When dreams die

May 13, 2024


Pardon me, while I grab a tissue to wipe away tears.

A lovely couple who have cared for our pups during vacations for more than a decade are leaving the U.S. to move to a small European village. As I write, their goods are being loaded on a container ship and by the time you read this, they and their pets will be off to make their dream come true.

They’ll be gone. This made me strangely emotional. I asked my husband why he thought that was.

“We know the world around us changes and we accept that,” he said. “But when our own small world changes, somehow it’s different. More impactful.”

I think he’s right. And also something else.

This move has been a longtime dream for them, and now, they’re making it their reality.

We, too, have dreams, even though we’re more than two decades older than they.

But the realities of aging mean that this kind of huge move to a charming small village is no longer a possibility for us. Our window into the future is much smaller.

How would we access the kind of top-notch medical care we get in the San Francisco Bay area?
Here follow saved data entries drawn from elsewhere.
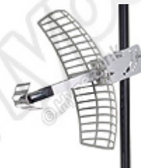
Tilt & Swivel Mast Mount
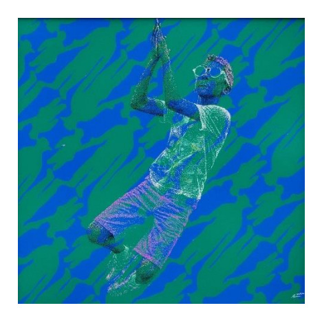
Live life like it's a celebration – 2018/2022 100cm x 100cm – Oil and acrylic on perspex Price: 8,000USD / 8.000€ / 7,200pounds (SOLD)

His bold choices of colours, hot pinks, and lime greens, are a deliberate means of showcasing the confidence, energy, and vibrancy of his subjects; their personalities, character, as well as who they are, and where they are from. Cool and flamboyant in their pose and posture, with their signature sunglasses, Evans strives to showcase the best of the everyday African he captures in his work, highlighting the star quality they each have in them to themselves and to the world.
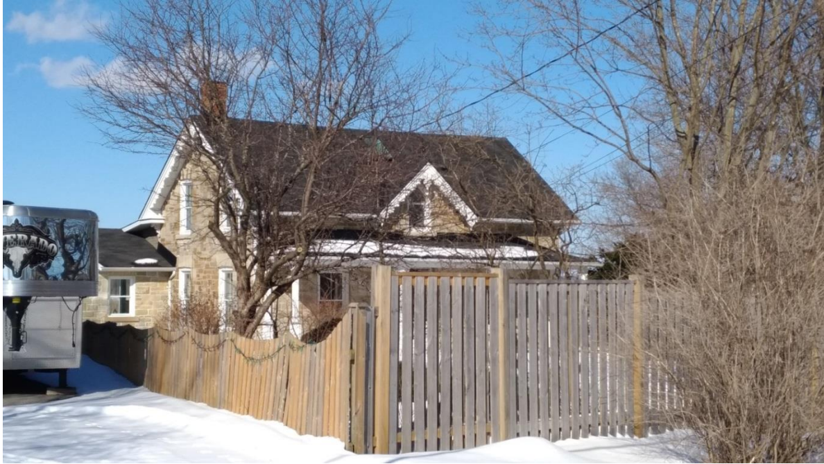
Figure 10: 2582 Highway 2, west of Gananoque, with a triangular topped upper central window (E. Tumak, Feb. 2021).
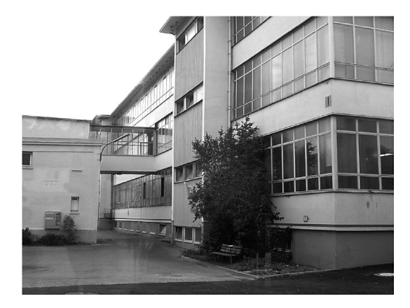
Ill. 2. Current state of the Steiff toy factory in Giengen, Germany
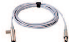
SC 91A Microphone Extension Cable
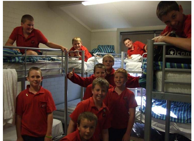
The Boys Dorm!
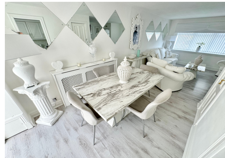
4 Nairn Court, Kilwinning
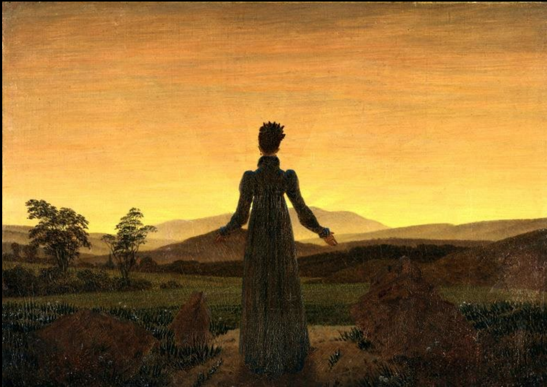
Woman Before the Rising Sun -- Caspar David Friedrich, Museum Folkwang, Essen, Germany
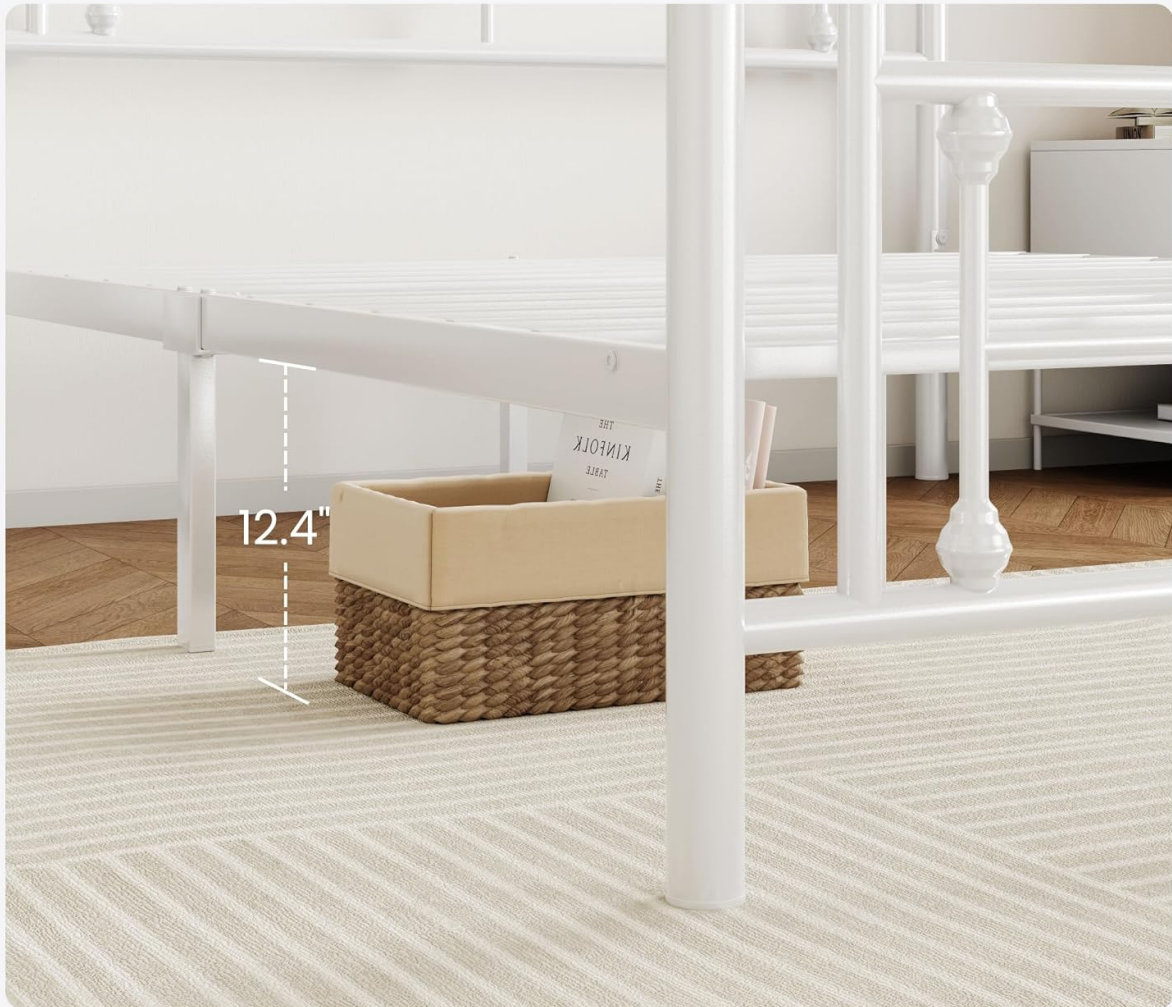
Image: Close-up of the under-bed storage area with a basket.

Maximize the available space for storing items
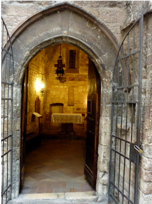
Birthplace of St Francis of Assisi, Assisi, Italy
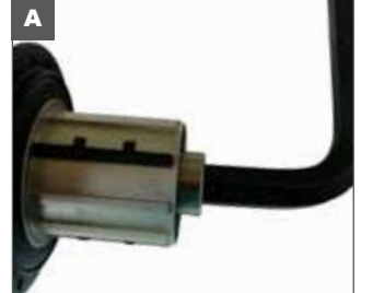
A. Insert 10mm hex wrench into drive side end cap. Keep the 10mm hex wrench in place.
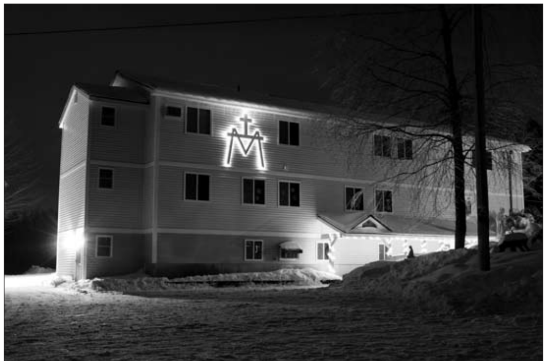
As a last upgrade to Saint Paul’s house, a lighted emblem of our Lady was installed on the wall

“Be happy when you are corrected.” “One way to abuse a child is not to cor- rect him!”
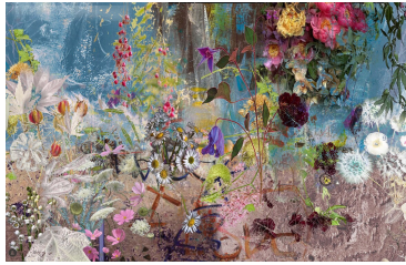
Irene Mamiye, "Homage 2914", 2021. Dibond of aluminum, 22 in x 36in, Ed of 5
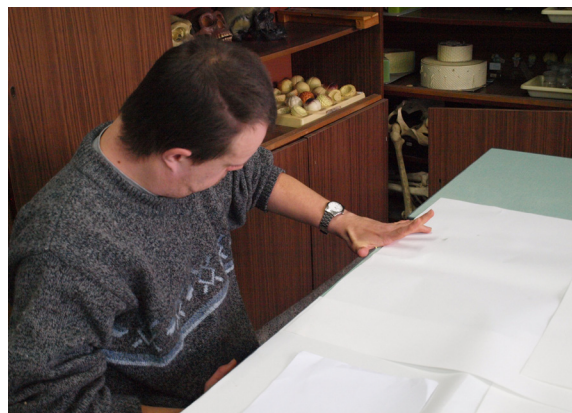
Figure 1: A moment in performing an activity "How can matter be measured" (estimate the length in "hands")

compare this figure to the one in meters and record their opinion of the relationship between the two (Elaborate).
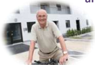
Assisted Technology - Great North Haven Louth
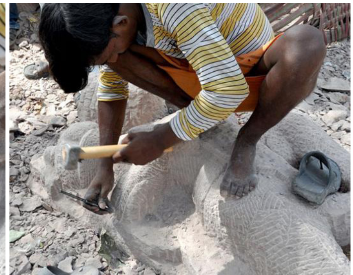
Skilled carver involved in detailing out the shape.
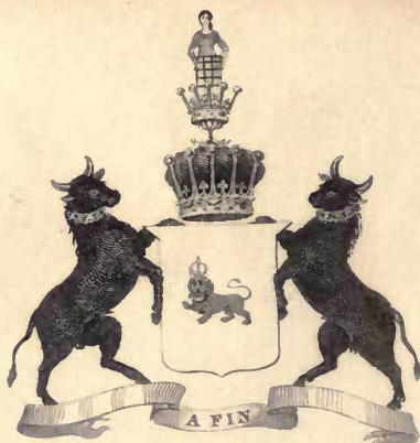
Ogilvy, Earl of Airly.
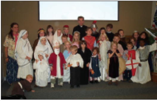
All Saints celebrated at St. Joseph's Oratory in Green Bay

What would happen if we got disabled?

What happens when one of us dies?

Yes, there are answers to those questions, but there are reasons why they aren’t sufficient.

In her early 20s, my maternal grandmother boarded a ship in Sicily bound for Ellis Island. She did not speak English. She had two babes in arms. It was a HUGE move, and one she did because her husband was waiting in New York. But it was a move I couldn’t have fathomed. Strange language. Strange city. Steerage. Babies.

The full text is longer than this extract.